Im echten Leben gibt es ja meistens eben nicht so konkrete Enden, mal abgesehen vom Ende-Ende, dem Tod, da sind die Enden auch immer Anfänge. Das Leben ist kein Spielfilm, sondern eher ein serielles Format. Ich glaube – Vorsicht, jetzt wird’s kitschig! – an diese Kraft von Neu-Anfängen, der Möglichkeit, sich nach Rückschlägen und Enttäuschungen neu zu erfinden, wieder anzufangen. Mit 20 und mit 40 und sogar mit 70, wenn man so lange durchhält.

Ich fände es aber auch nicht schlimm, wenn es so endete. Du hast nun mal diese Ängste.

Nein, nein, so soll es nicht enden, es soll ein hoffnungsvoller Cliffhanger sein darauf, wie es wohl weitergeht mit mir.

Du könnest beispielsweise sagen, dass du jetzt Schluss machen musst, weil du gerade von diesem süßen Typen aus dem Kino eine Einladung zum Kaffee bekommen hast.

Nee, ich wollte was Großes über Kunst und das Leben sagen. Nicht über Jungs und Kaffee…

Okay, vielleicht hilft das: trotz all der Ängste und Zweifel machst du weiter?

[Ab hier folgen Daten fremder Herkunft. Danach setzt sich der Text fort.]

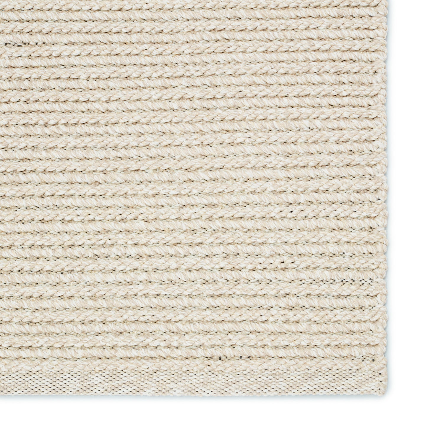 - The heathered design of the Raynor rug features a beige and ivory colorway that anchors spaces with a light and airy tone.
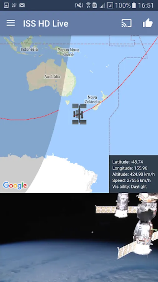 The app has integrated the native Android Google Map in it, where you can follow the ISS orbit around our planet, zoom, rotate, drag, tilt the map. Also, you can choose between different types of map, like Satellite or Terrain, and an information window is also presented with data such as ISS speed, altitude, visibility, country above which ISS is right now, latitude and longitude. Everything is customizable from settings menu.
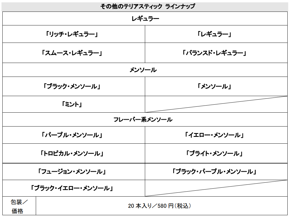 今回の「テリア ルビー レギュラー」の発売により、テリアスティックのラインアップは全15種となったほか、既存の「レギュラー」、「メンソール」、「フレーバー系メンソール」カテゴリーに加え、新たに「フレーバー系レギュラー」が追加となりました。

Ja, ich mache weiter. Und selbst wenn ich noch Grundschullehrerin werde, würde ich weitermachen. In irgendeiner Form werde ich immer Geschichten erzählen und sie aufschreiben oder zeichnen oder singen, weil ich einfach immer so viel erzählen will. Eigentlich glaube ich fest daran, dass sich der Erfolg eines Menschen – also, wenn er auf dem Sterbebett liegt oder auf der Straße, weil er überraschend von einem Auto erfasst wurde – darin abzeichnet, ob er ganz zufrieden und glücklich war. Die Menschen, die ich am meisten verehre, sind ja eh die, die abgesehen von dem, was sie so beruflich schaffen, ein selbstbestimmtes Leben führen und großherzig sind und andere inspirieren – ob jetzt auf künstlerische oder persönliche Weise. Am Ende kann man gar nicht so richtig scheitern, wenn man sich und seinen Idealen treu bleibt. Und sich und anderen gegenüber kein Arschloch ist.